Interestingly, the Reject Shop 26,000 m2 Distribution Centre in Ipswich, Queensland had a very similar experience. After the extensive flooding at the start of 2011, they installed a floodbarrier system around the DC. Again, they had the opportunity to test the barrier when another flood hit the area in 2013. There was no impact to the DC’s operations!

Resilience in the Cloud

The Uptime Institute recently published an excellent paper on the topic of the cost and benefits of purchasing increased resilience from cloud providers, using AWS as a case study. The baseline comparison was a system with no resilience installed. The study shows the cost of the increased resilience and the associated reduced downtime.

The author provides some wise advice:

"Unlike privately owned and co-located data centres, customers using the public cloud have no visibility or control over the datacentre used by their cloud provider. When architecting a cloud application, it is up to software developers to incorporate resiliency into their application architecture. Conversely, in amore traditional non-cloud application, data centre teams, infrastructure engineers and software developers should work together to meet resiliency requirements.”

"If customers use more resources to architect resiliency, they need to pay for those additional resources. The implication is that resiliency is neither included as standard nor guaranteed. Customers should design their applications to meet availability requirements and balance this objective against the cost."

As CIO’s are relinquishing control over the operation of their IT systems, it is imperative that the resilience requirements of each application and its data are fully specified in the service agreement with the cloud provider. APRA’s standard soon to come into effect, CPS 230, addresses many of the issues associated with outsourcing critical services to Third Parties. Source: https://intelligence.uptimeinstitute.com/resource/cloud-availability-comes-price

Operational Risk Management - CPS 230

The Australian Prudential Regulation Authority (APRA) has released a guide that covers the new standard on Operational Risk Management - CPS 230. The standard came into force this month.

Although APRA’s standards are intended for companies operating in the Australian financial market, we think the standard and guide provide very good advice for most organisations that are concerned about their operational resilience.

The standard addresses the following:

  • The assessment and management of a wide range of operational risks, including legal, regulatory, compliance, conduct, technology, data and change management risks.

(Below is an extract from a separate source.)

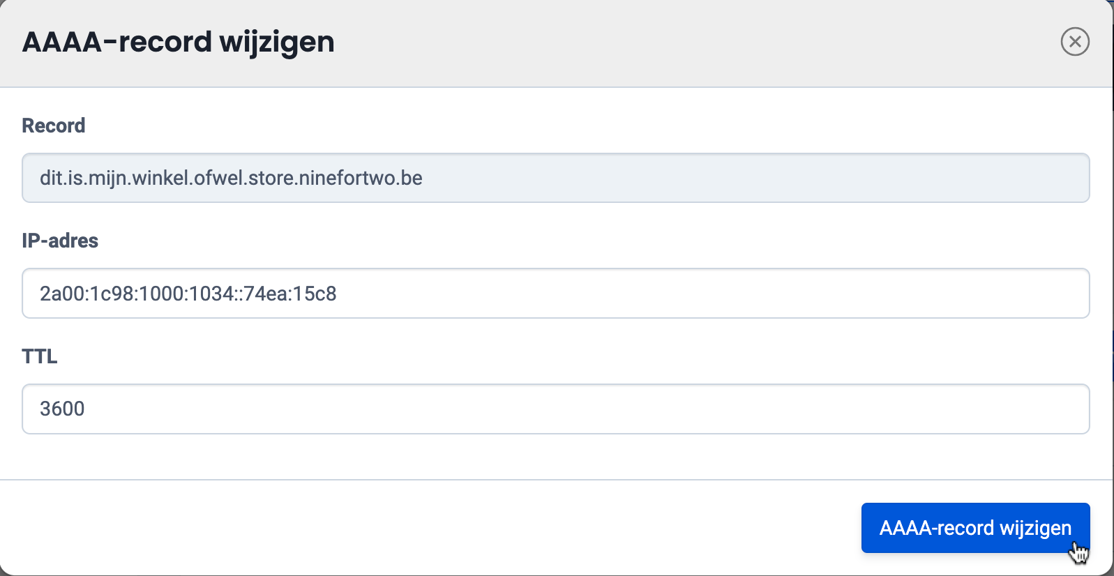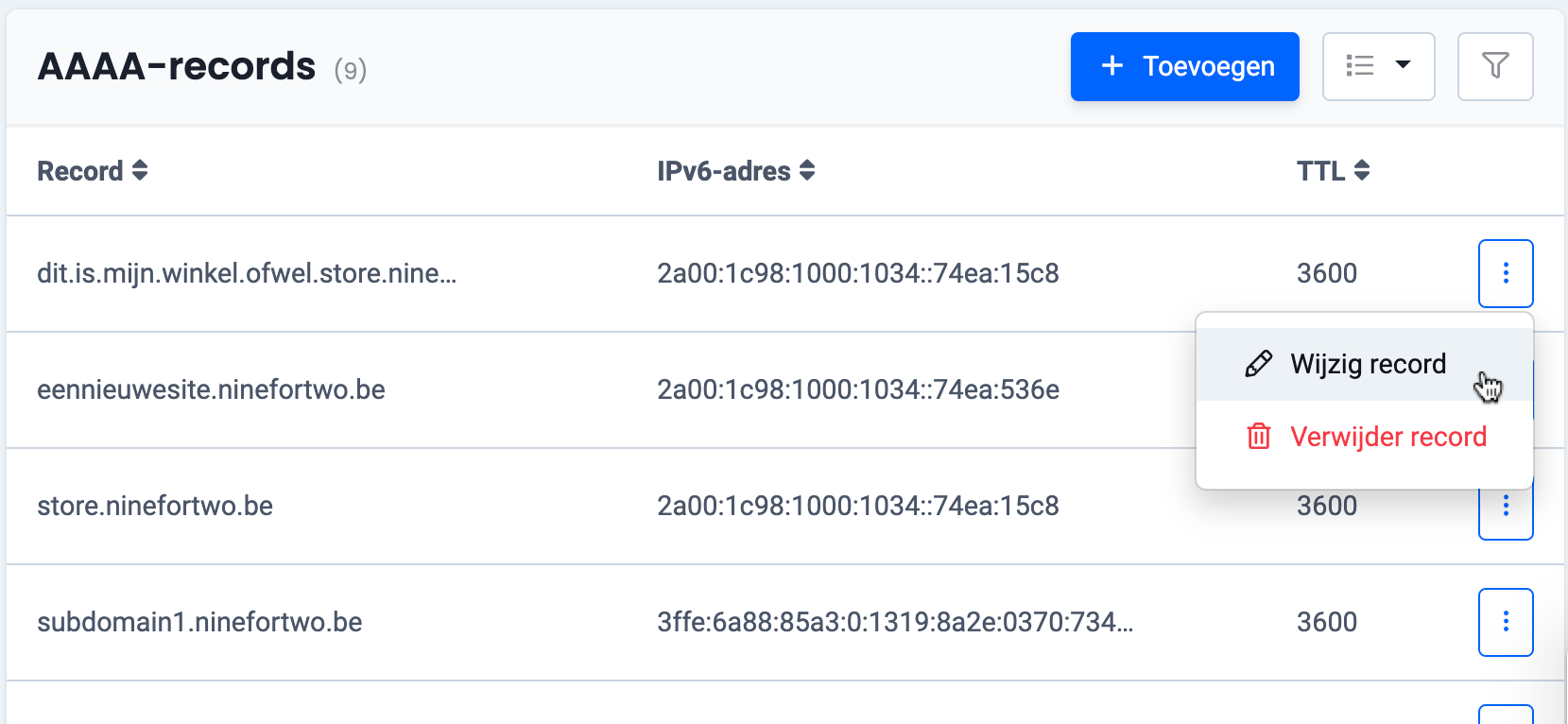 - Om een bestaand AAAA-record te wijzigen, kies de host die je wil wijzigen en klik op de 3 bolletjes rechts. Klik daarna op “Wijzig record”. Vul het nieuwe IP-adres in en klik op “AAAA-record wijzigen”.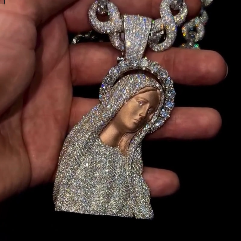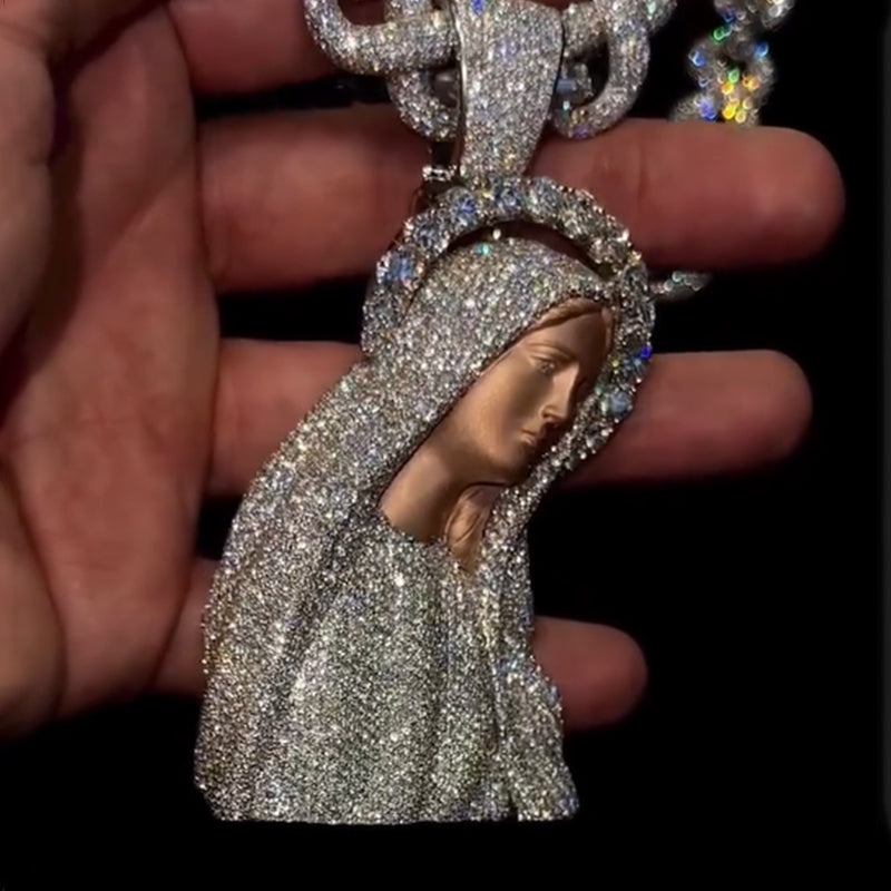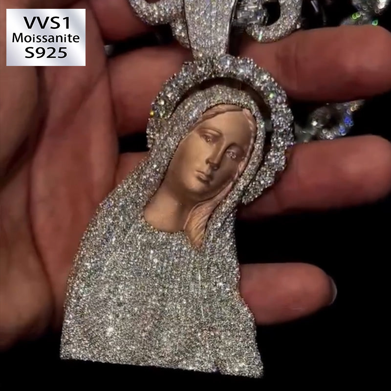 S925 Moissanite 3D Virgin Mary Moissanite Pendant

  • Business continuity and how organisations should identify time critical business activities and estimate their tolerance for having them unavailable. Importantly, the business continuity plan should document the recovery procedures and workarounds if any supporting resources (people, facilities and IT systems) become unavailable because of a disruption.

  • Development of a policy for dealing with material service providers. This policy should cover how to identify, manage and monitor the service providers that have a significant impact on the organisation’s operations. They should also evaluate the risks posed by these service providers, sign formal contracts with them, track their performance and carefully manage any major changes in their arrangements.

Managing outsourced IT services

We find that many organisations have outsourced large parts of their IT infrastructure to service providers and as a result they have often yielded management and control to others.

This makes it challenging for the CIO to ensure that the recoverability of IT systems meet the needs of the business. Some Software as a Service vendors will not warrant a Recovery Time Objective. Often, the outsourced system (and its data) only exists at one location, making it a single point of failure.

It is critical that business management identifies the time critical activities and their tolerance to disruption. These requirements should be communicated to IT management, so that the critical IT systems have the necessary resilience to support the business during disruptions.

CPS 230 outlines an excellent approach to achieve that!